• _How to complete this task_:
A verbatim copy of the data is wanted, minus any picture in it.

#####

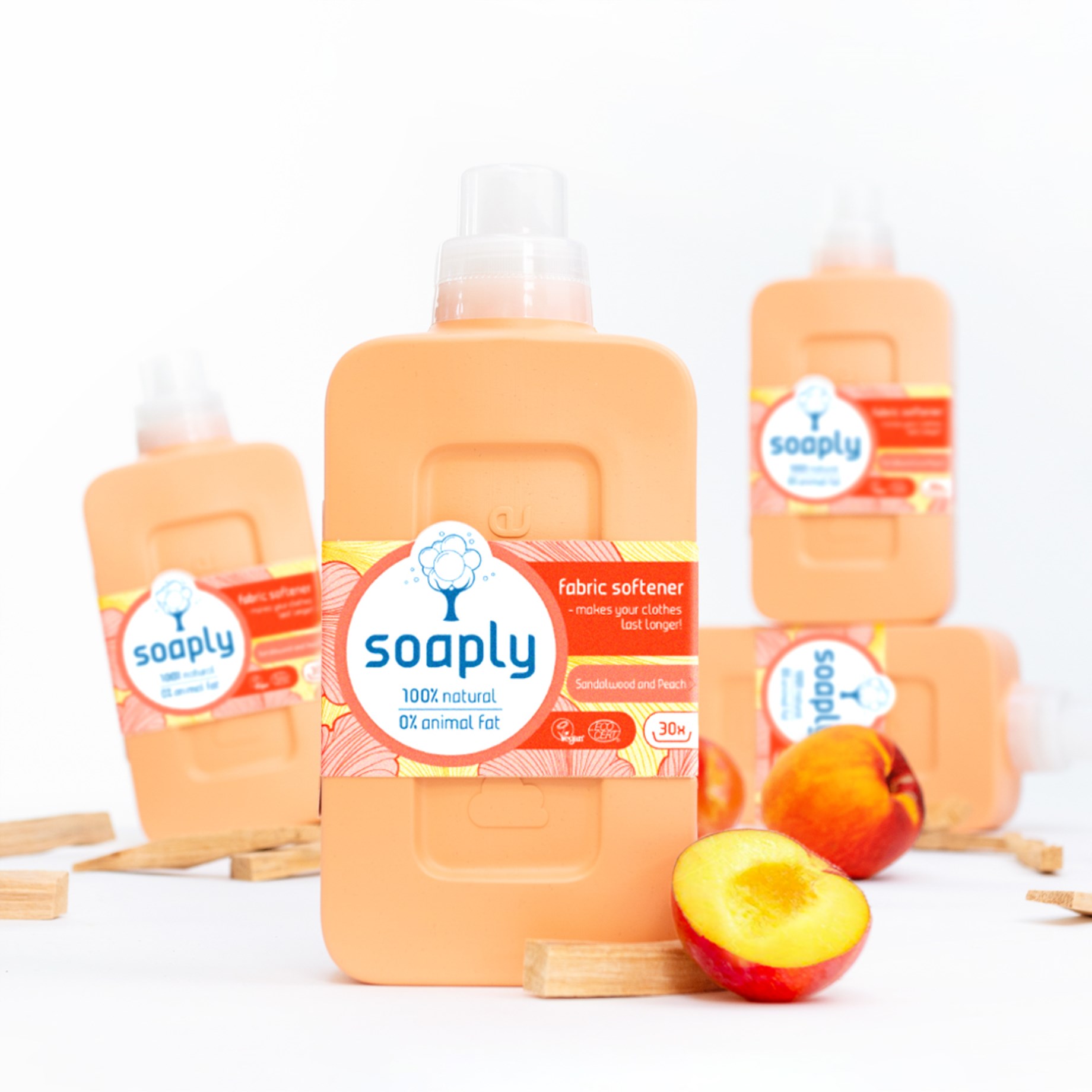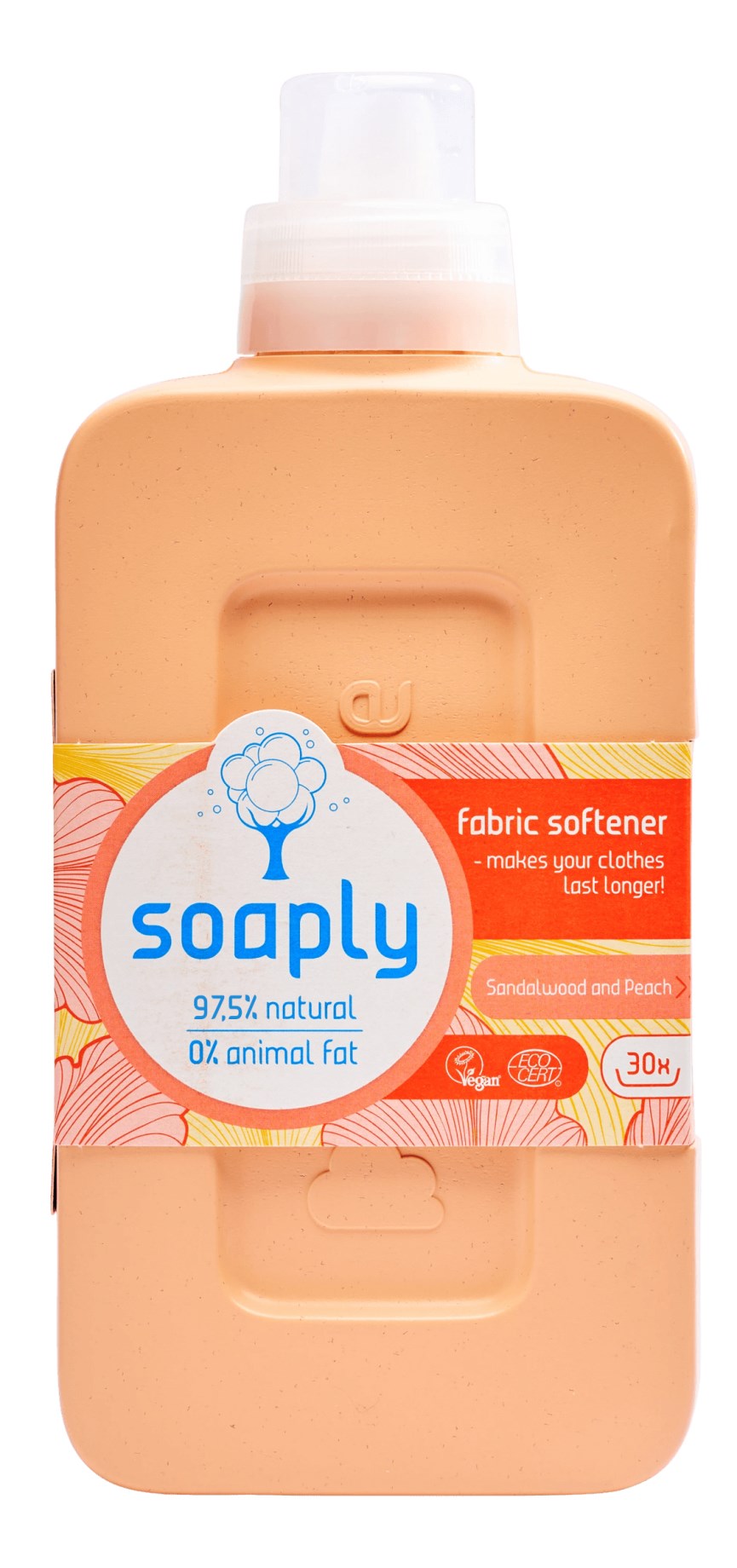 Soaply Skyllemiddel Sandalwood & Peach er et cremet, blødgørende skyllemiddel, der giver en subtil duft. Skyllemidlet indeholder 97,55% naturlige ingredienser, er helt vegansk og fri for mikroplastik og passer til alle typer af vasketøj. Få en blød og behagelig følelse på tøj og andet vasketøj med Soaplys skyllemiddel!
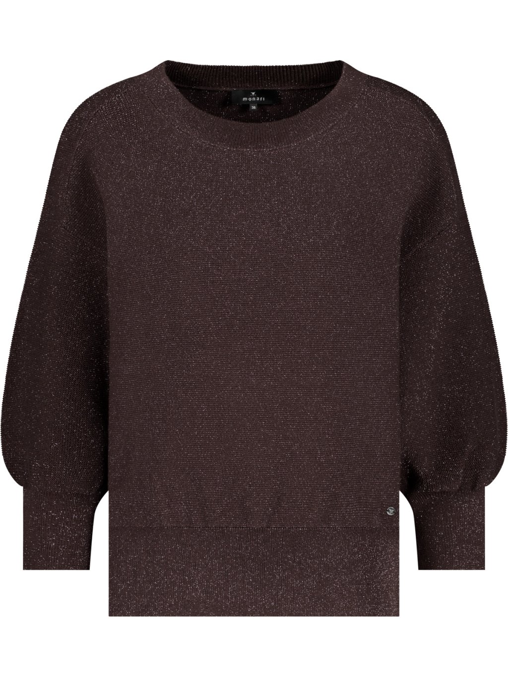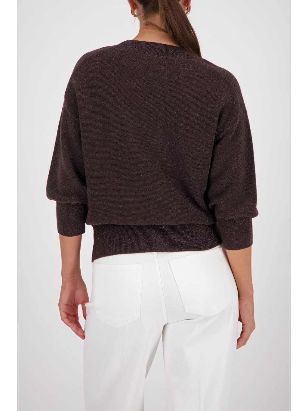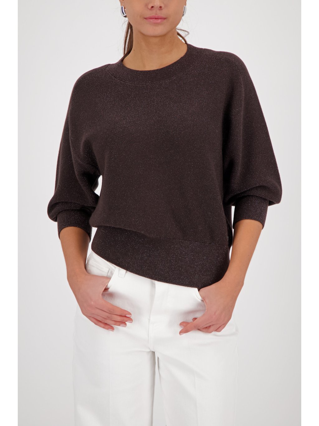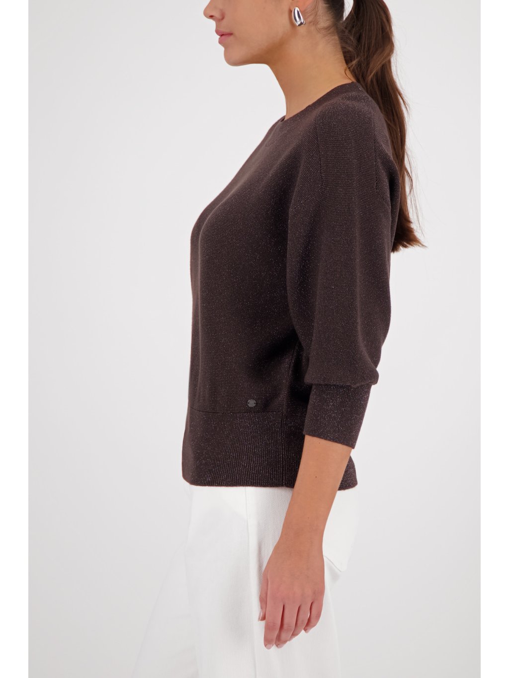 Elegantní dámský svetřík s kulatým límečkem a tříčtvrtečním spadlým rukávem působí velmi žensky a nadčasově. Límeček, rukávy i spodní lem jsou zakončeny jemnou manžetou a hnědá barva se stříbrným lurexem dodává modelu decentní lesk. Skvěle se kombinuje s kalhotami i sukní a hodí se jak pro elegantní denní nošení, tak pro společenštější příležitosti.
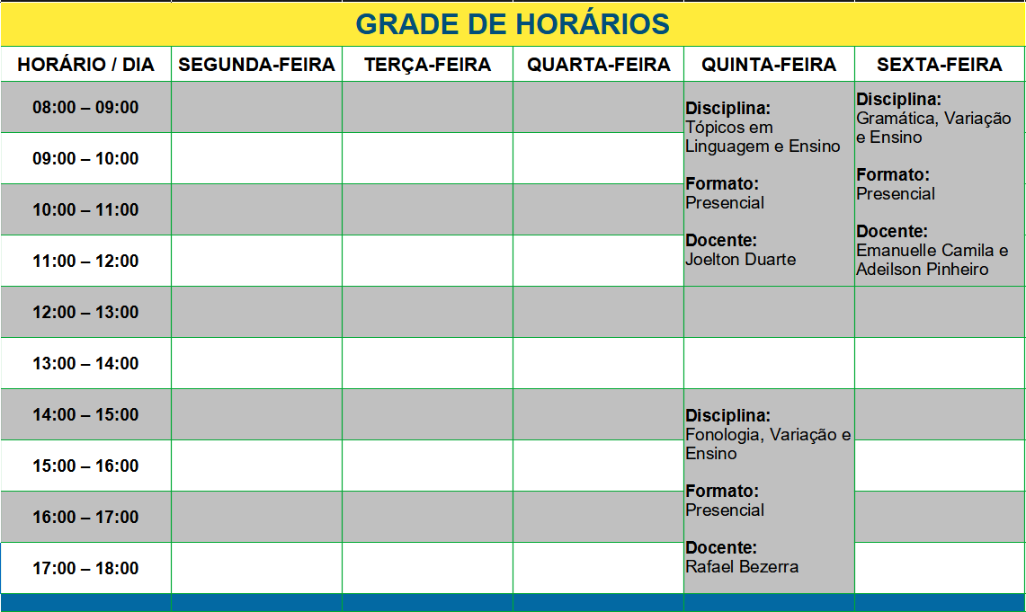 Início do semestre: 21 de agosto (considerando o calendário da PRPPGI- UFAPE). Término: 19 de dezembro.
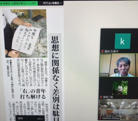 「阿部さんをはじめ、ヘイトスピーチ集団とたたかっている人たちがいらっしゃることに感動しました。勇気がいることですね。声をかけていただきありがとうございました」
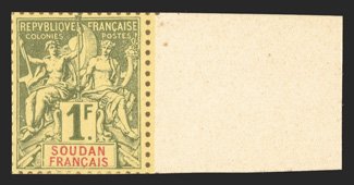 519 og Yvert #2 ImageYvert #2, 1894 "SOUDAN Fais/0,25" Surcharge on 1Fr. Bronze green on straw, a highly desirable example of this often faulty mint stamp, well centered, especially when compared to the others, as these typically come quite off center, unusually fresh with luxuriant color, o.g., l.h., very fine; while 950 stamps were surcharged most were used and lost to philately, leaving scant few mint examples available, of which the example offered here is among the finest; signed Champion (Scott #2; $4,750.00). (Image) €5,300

#####

• _Output of the exercise_:
 Soaply Skyllemiddel Sandalwood & Peach er et cremet, blødgørende skyllemiddel, der giver en subtil duft. Skyllemidlet indeholder 97,55% naturlige ingredienser, er helt vegansk og fri for mikroplastik og passer til alle typer af vasketøj. Få en blød og behagelig følelse på tøj og andet vasketøj med Soaplys skyllemiddel!
 Elegantní dámský svetřík s kulatým límečkem a tříčtvrtečním spadlým rukávem působí velmi žensky a nadčasově. Límeček, rukávy i spodní lem jsou zakončeny jemnou manžetou a hnědá barva se stříbrným lurexem dodává modelu decentní lesk. Skvěle se kombinuje s kalhotami i sukní a hodí se jak pro elegantní denní nošení, tak pro společenštější příležitosti.
 Início do semestre: 21 de agosto (considerando o calendário da PRPPGI- UFAPE). Término: 19 de dezembro.
 「阿部さんをはじめ、ヘイトスピーチ集団とたたかっている人たちがいらっしゃることに感動しました。勇気がいることですね。声をかけていただきありがとうございました」
 519 og Yvert #2 ImageYvert #2, 1894 "SOUDAN Fais/0,25" Surcharge on 1Fr. Bronze green on straw, a highly desirable example of this often faulty mint stamp, well centered, especially when compared to the others, as these typically come quite off center, unusually fresh with luxuriant color, o.g., l.h., very fine; while 950 stamps were surcharged most were used and lost to philately, leaving scant few mint examples available, of which the example offered here is among the finest; signed Champion (Scott #2; $4,750.00). (Image) €5,300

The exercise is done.